紀要論文 平群囃子の起源に関する一考察 : 囃子物の旋律分析を中心に

川﨑, 瑞穂

51pp.9 - 20 , 2017-03-31 , 国立音楽大学
ISSN:02885492
内容記述
平群囃子(へぐりばやし)とは、千葉県館山市、南房総市、鋸南町において、小太鼓、大太鼓、1本調子の篠笛を使用して演奏される13曲の囃子の総称である。千葉県旧富山町(現・南房総市)平群地区の米沢という地域において、江戸期に創られたものであるという口頭伝承は存在するものの、それを証明する史料は存在しない。先行研究においては、平群囃子の系統は神田囃子系、ないし江戸囃子の変形とされてきた。しかし、平群囃子の成立と展開の過程を詳細に記述した研究はまだ存在しない。

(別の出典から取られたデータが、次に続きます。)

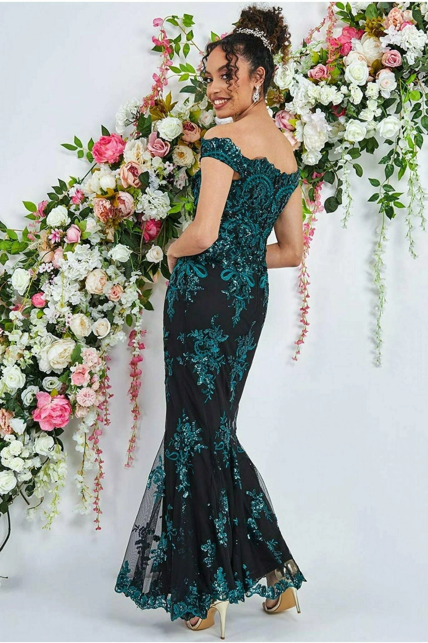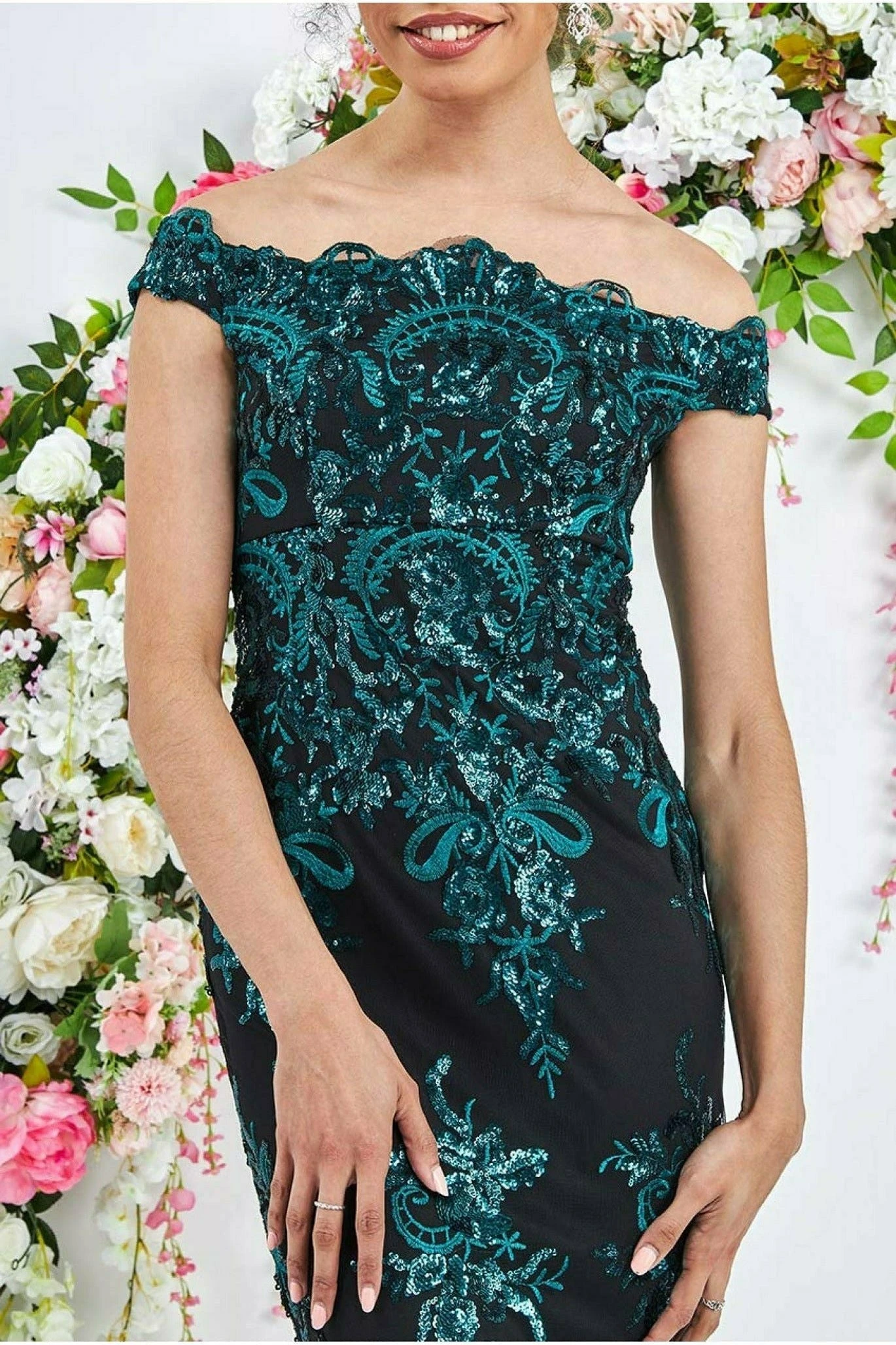 Be the first to review “Goddiva Bardot Sequin Embroidered Maxi Dress – Emerald Green” Cancel reply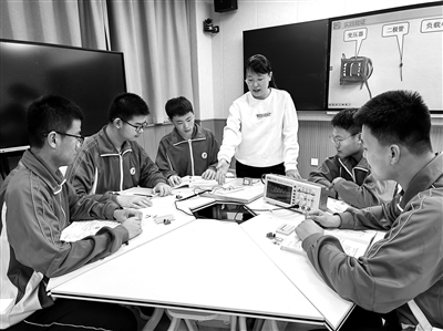 济南济阳区职业中专师生在智慧教室开展桥式整流电路实验教学。 学校供图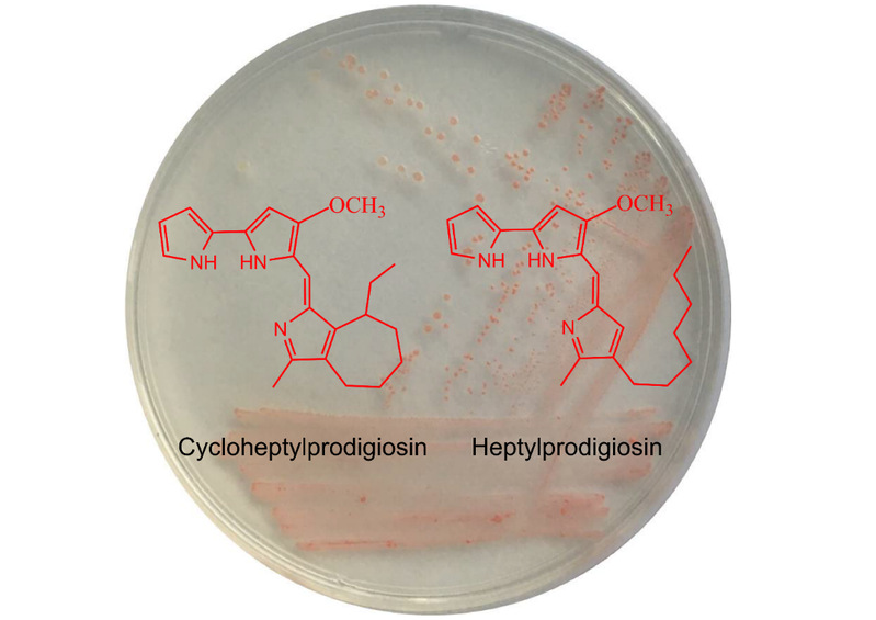 灵菌红素(prodigiosin)是微生物产生的一类红色素,其结构中具有三个吡咯环。灵菌红素在抗菌、抗肿瘤、免疫抑制、抗病毒、纺织染料等方面都具有重要生物活性及应用前景。

本稿では、平群囃子のいくつかの楽曲を分析しその源流について考察する。平群囃子の13曲は「道中物」(3曲)、「囃子物」(10曲)の2つに分けられるが、囃子物の内の1曲である《祇園囃子》という楽曲には、獅子舞や鷺舞といった風流系芸能(風流囃子物)にしばしば用いられている旋律が存在する。本稿では、《祇園囃子》と風流囃子物の旋律を比較分析することで、平群囃子の源流の1つに風流囃子物が存在する可能性を指摘する。